Где-то точила мышь. Издали донесся крик ночной птицы.
И снова зашептала Дали:
— Иналук сказал: «Тебе, видимо, другая жена и не подошла бы…» Может, это он так сказал, а может, и неспроста… с намеком… И я подумала: какая я жена? Поспать да еду сготовить… Жена без детей — что сухой пенек. Ни тени от него, ни плода!..
И снова Калой не ответил ей. А Дали с помертвевшей душой ждала. Но вот он протянул руку, накрыл всей пятерней ее лицо, сжал его так, словно хотел раздавить, и задохнувшаяся Дали услышала:
— Даже самая умная из вас — все равно дура! Был у тебя плод, будет и еще, если Бог даст. А не даст, — значит, так и должно… У нас не будет, у брата будет… Для рода это все равно! Но чтоб я в дом вторую жену привел — так этого не дождется никто! Я же знаю, что ты, хоть и говоришь смелые слова, сама умираешь от страха… Не бойся. Пока ты жива, я не обновлю нашей постели…
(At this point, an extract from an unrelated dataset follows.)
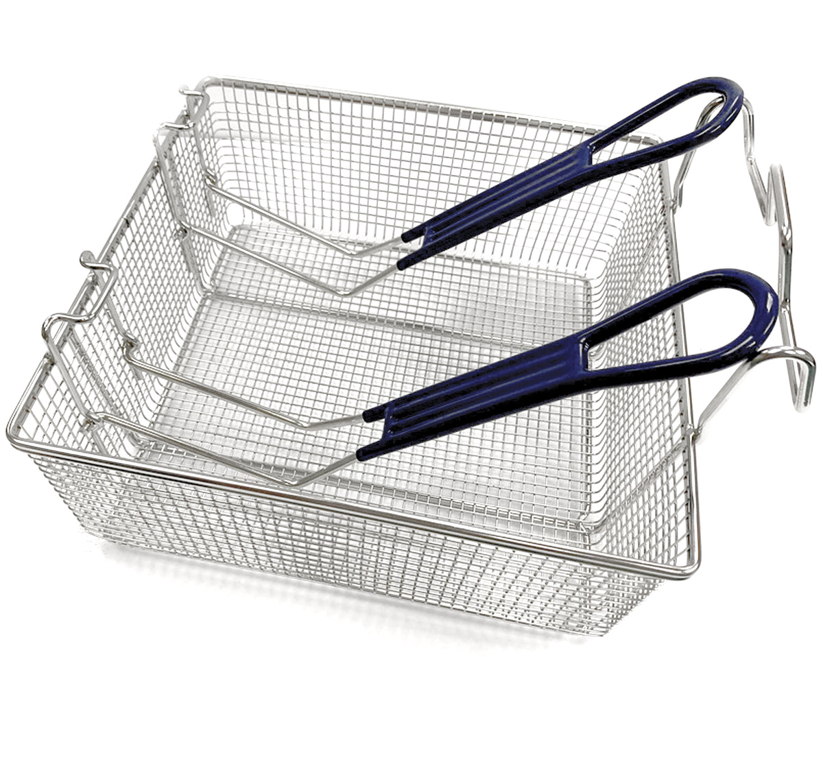 The Double Fryer Basket is the perfect way to fry large batches of fish, chicken, shrimp, onion rings, fries, and hushpuppies.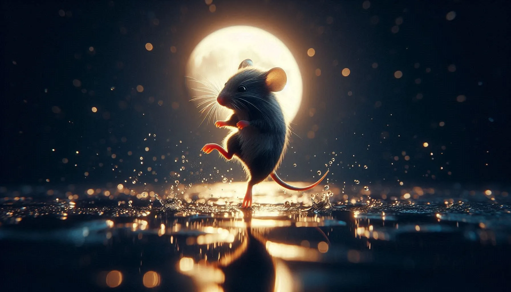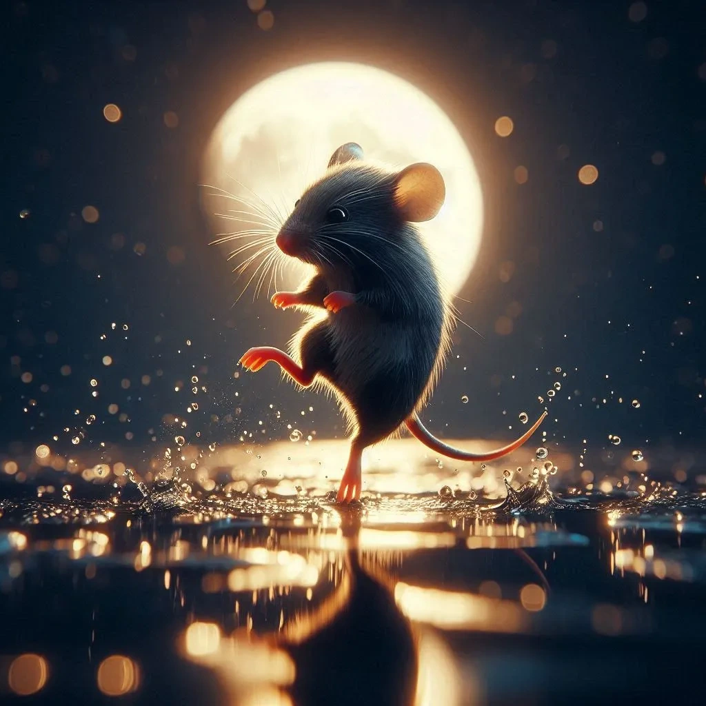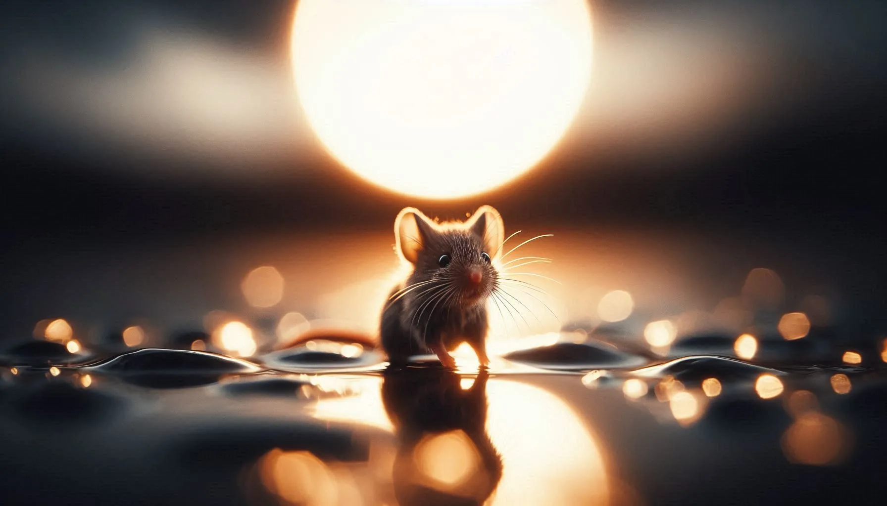 Low angle, close-up shot of a HD hyper realistic little mouse standing on top of puddles at golden hour. Intense jet black long exposure photography with motion blur, deep shadows, a moon reflecting on the puddles.

Дали уткнулась лицом в его плечо и заплакала.
— Перестань! Людей разбудишь! — прикрикнул он, крепко обняв ее молодое и здоровое тело.
— Душа и сердце мое! — страстно прошептала она и мысленно еще горячей взмолилась: «Дай, дай мне ребенка хоть на этот раз!..»
Утром во всех горах стало известно, что возле аула Эрш отряд обстреляли хевсуры.
— Вот ведь какие отчаянные! — удивлялись простаки. — Куда забрались! Так они скоро и в самой Назрани начнут стрелять!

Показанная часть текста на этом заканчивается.